====== Data supplied
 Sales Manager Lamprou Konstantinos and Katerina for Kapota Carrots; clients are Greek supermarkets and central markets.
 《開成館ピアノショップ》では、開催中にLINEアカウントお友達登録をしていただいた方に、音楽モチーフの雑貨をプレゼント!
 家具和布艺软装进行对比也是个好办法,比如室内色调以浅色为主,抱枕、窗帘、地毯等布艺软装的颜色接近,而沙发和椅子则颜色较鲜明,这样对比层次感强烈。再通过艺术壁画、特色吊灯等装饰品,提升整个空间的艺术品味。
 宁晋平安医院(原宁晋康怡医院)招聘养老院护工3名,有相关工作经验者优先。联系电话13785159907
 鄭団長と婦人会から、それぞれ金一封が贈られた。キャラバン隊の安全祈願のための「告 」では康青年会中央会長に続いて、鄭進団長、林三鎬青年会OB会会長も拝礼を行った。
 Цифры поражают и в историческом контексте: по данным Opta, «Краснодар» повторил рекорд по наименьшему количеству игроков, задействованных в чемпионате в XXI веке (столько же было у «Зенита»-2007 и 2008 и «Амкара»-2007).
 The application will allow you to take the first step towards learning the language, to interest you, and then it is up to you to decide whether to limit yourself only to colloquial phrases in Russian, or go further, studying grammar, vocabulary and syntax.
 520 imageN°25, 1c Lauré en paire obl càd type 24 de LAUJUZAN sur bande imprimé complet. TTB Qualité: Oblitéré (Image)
============
====== Data supplied
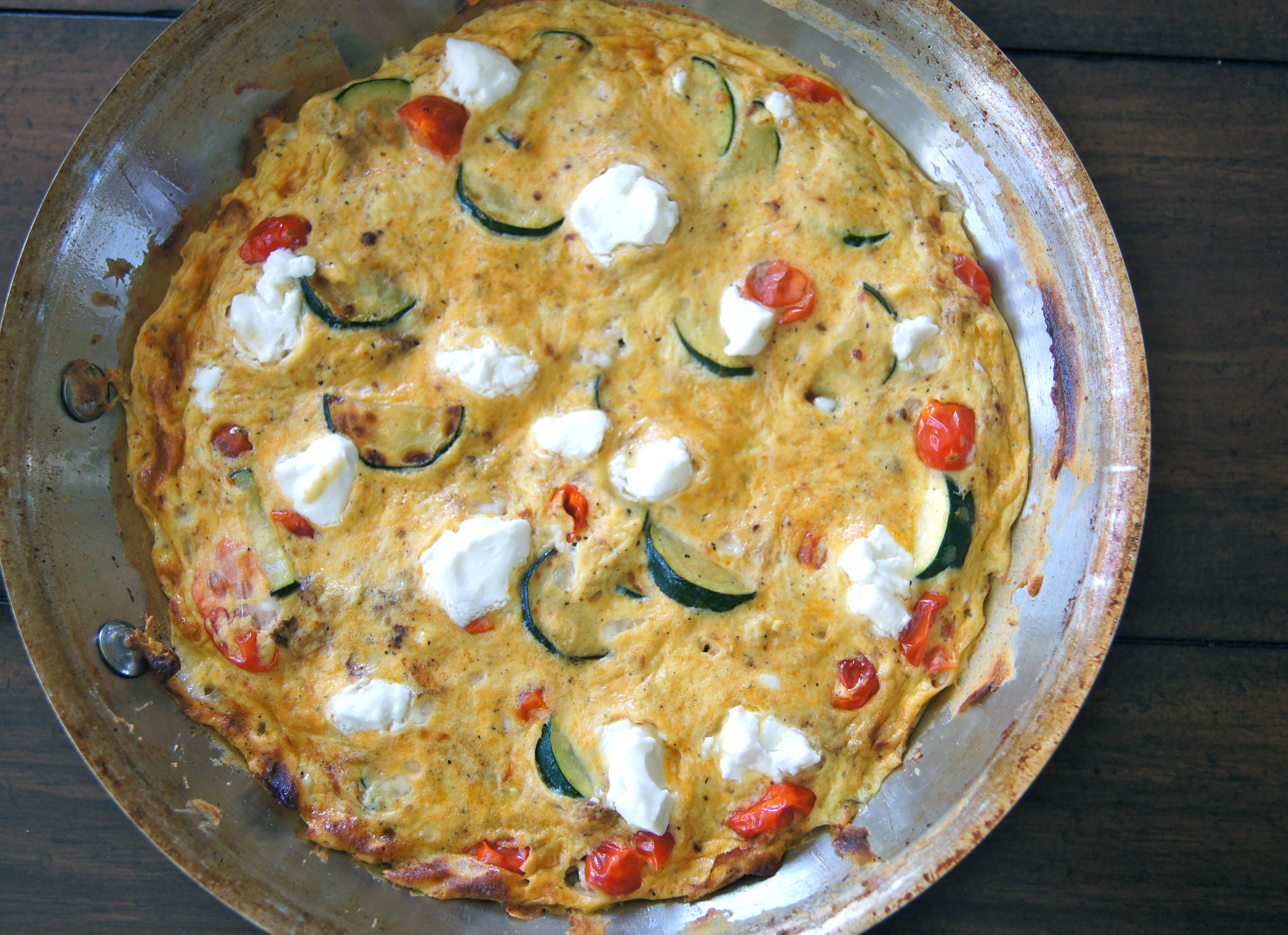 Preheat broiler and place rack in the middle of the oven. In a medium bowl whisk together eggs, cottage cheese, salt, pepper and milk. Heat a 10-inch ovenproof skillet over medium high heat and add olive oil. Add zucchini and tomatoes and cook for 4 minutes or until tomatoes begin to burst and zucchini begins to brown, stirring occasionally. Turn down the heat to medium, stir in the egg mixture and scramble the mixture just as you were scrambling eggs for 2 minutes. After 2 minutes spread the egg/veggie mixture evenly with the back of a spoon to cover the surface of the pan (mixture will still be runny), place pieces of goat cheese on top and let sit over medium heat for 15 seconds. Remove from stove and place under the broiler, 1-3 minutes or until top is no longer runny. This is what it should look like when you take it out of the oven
============
◆ Aim of the exercise ◆
One stretch of the lines above is wanted, from the line that contains "The application will" through the line that contains "520 imageN°25, 1c". Output it exactly.

◆ Exercise output ◆
 The application will allow you to take the first step towards learning the language, to interest you, and then it is up to you to decide whether to limit yourself only to colloquial phrases in Russian, or go further, studying grammar, vocabulary and syntax.
 520 imageN°25, 1c Lauré en paire obl càd type 24 de LAUJUZAN sur bande imprimé complet. TTB Qualité: Oblitéré (Image)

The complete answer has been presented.